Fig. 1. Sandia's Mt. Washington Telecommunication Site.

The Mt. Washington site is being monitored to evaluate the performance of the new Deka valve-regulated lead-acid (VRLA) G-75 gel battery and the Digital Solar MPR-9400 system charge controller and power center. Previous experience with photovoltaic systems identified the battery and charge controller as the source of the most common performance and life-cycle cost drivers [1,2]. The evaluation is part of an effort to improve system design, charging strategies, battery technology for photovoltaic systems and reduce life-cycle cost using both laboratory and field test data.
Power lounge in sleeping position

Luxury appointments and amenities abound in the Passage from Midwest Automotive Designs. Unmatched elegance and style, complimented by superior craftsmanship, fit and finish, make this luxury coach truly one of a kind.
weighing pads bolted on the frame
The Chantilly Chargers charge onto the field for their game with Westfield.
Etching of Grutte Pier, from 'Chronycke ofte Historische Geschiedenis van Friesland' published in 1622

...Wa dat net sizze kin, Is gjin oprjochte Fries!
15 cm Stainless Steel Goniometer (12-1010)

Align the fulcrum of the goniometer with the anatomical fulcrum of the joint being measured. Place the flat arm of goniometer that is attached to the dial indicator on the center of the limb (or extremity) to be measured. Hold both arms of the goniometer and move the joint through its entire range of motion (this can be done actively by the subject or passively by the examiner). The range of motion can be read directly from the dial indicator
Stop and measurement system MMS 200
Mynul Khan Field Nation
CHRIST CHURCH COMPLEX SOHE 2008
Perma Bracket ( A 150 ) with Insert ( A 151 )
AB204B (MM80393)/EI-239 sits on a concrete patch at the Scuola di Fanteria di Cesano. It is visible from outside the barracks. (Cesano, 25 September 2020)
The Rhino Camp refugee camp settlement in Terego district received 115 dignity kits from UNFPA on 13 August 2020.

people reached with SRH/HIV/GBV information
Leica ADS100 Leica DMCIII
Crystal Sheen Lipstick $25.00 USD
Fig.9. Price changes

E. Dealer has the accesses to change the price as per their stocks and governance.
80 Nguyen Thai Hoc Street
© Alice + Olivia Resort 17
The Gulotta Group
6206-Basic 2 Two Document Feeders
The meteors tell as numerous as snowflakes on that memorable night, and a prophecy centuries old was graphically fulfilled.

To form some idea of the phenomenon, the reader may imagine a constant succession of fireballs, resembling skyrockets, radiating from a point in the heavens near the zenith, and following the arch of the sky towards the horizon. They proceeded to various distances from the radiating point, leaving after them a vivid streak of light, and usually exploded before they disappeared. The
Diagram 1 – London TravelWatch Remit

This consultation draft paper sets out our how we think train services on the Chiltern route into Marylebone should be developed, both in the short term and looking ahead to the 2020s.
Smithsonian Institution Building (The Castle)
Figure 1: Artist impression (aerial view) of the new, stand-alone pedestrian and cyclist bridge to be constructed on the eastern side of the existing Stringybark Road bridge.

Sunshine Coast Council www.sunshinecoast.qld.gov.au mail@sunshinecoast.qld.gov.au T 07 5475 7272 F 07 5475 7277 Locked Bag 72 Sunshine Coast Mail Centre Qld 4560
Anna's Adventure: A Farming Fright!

==

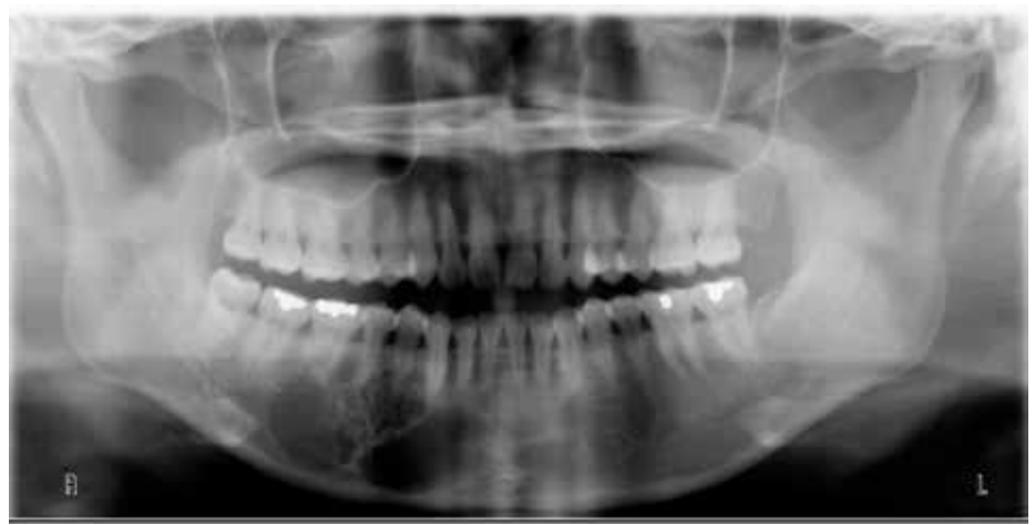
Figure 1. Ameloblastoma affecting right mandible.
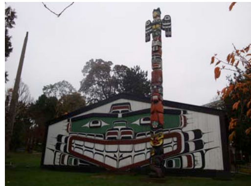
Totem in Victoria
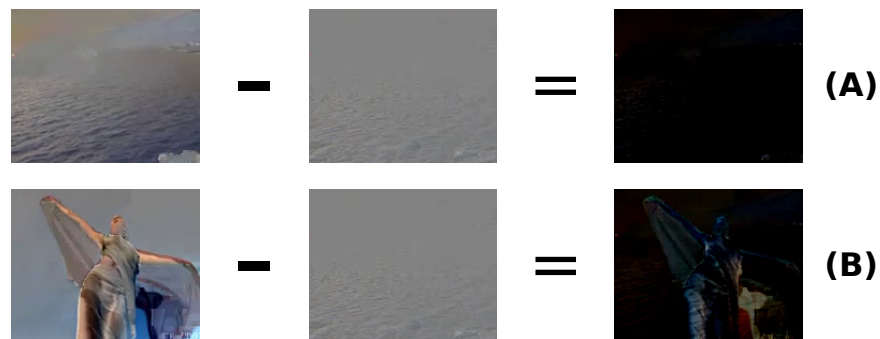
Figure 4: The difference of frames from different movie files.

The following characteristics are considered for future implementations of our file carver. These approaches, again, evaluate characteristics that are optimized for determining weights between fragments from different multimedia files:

...

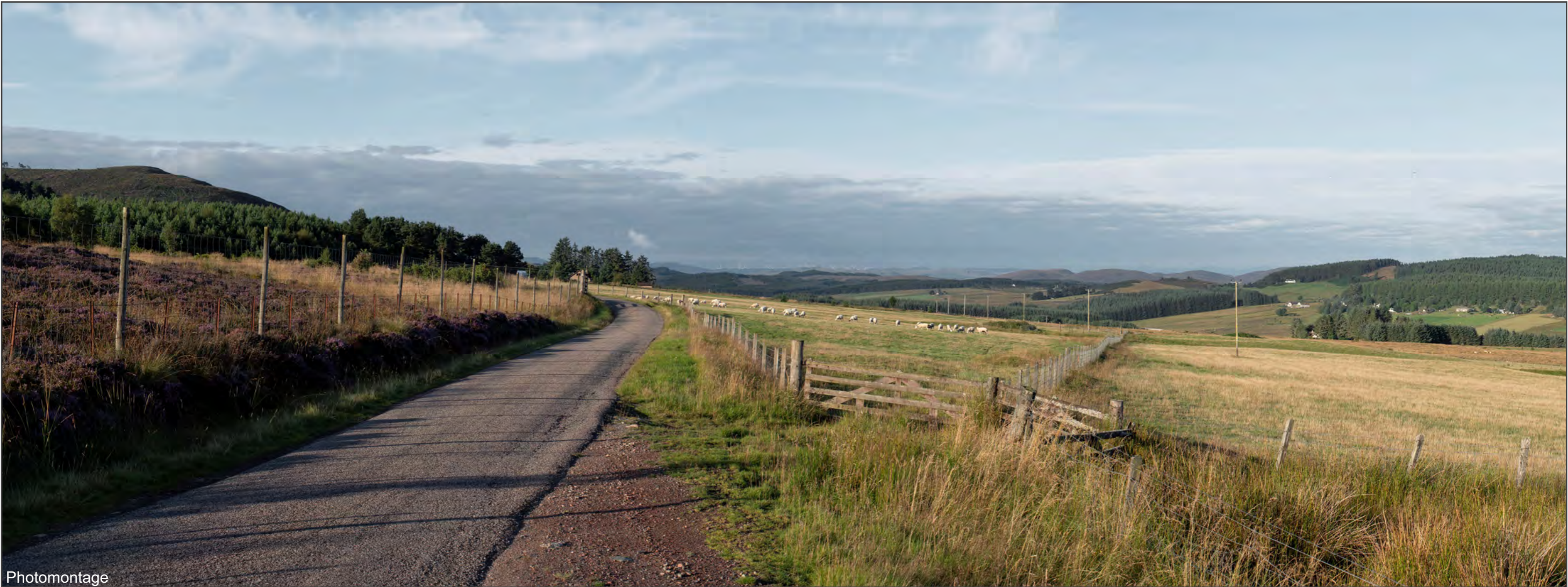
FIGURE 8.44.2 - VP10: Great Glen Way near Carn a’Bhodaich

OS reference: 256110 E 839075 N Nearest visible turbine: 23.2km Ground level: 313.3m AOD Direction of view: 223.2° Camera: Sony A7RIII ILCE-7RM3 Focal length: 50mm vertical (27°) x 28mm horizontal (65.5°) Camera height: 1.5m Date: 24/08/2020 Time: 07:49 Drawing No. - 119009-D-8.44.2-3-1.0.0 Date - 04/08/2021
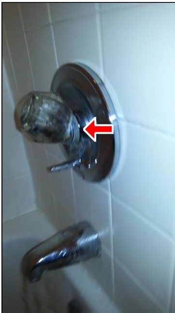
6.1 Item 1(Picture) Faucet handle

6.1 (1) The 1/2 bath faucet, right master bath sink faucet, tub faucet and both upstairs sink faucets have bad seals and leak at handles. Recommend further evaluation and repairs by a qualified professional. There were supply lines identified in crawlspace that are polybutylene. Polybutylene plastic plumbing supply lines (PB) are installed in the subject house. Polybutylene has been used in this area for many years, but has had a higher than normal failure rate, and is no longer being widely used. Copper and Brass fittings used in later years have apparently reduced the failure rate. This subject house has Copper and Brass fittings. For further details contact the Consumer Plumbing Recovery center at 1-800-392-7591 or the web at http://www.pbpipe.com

| ASSIGNMENT |
When the line with "Luxury appointments and" is reached in the data above, begin copying, and stop after the line with "Perma Bracket ( A 150 ) with Insert ( A 151 )"; copy each line exactly, both ends included.

| RESPONSE TO THIS TASK |
Luxury appointments and amenities abound in the Passage from Midwest Automotive Designs. Unmatched elegance and style, complimented by superior craftsmanship, fit and finish, make this luxury coach truly one of a kind.
weighing pads bolted on the frame
The Chantilly Chargers charge onto the field for their game with Westfield.
Etching of Grutte Pier, from 'Chronycke ofte Historische Geschiedenis van Friesland' published in 1622

...Wa dat net sizze kin, Is gjin oprjochte Fries!
15 cm Stainless Steel Goniometer (12-1010)

Align the fulcrum of the goniometer with the anatomical fulcrum of the joint being measured. Place the flat arm of goniometer that is attached to the dial indicator on the center of the limb (or extremity) to be measured. Hold both arms of the goniometer and move the joint through its entire range of motion (this can be done actively by the subject or passively by the examiner). The range of motion can be read directly from the dial indicator
Stop and measurement system MMS 200
Mynul Khan Field Nation
CHRIST CHURCH COMPLEX SOHE 2008
Perma Bracket ( A 150 ) with Insert ( A 151 )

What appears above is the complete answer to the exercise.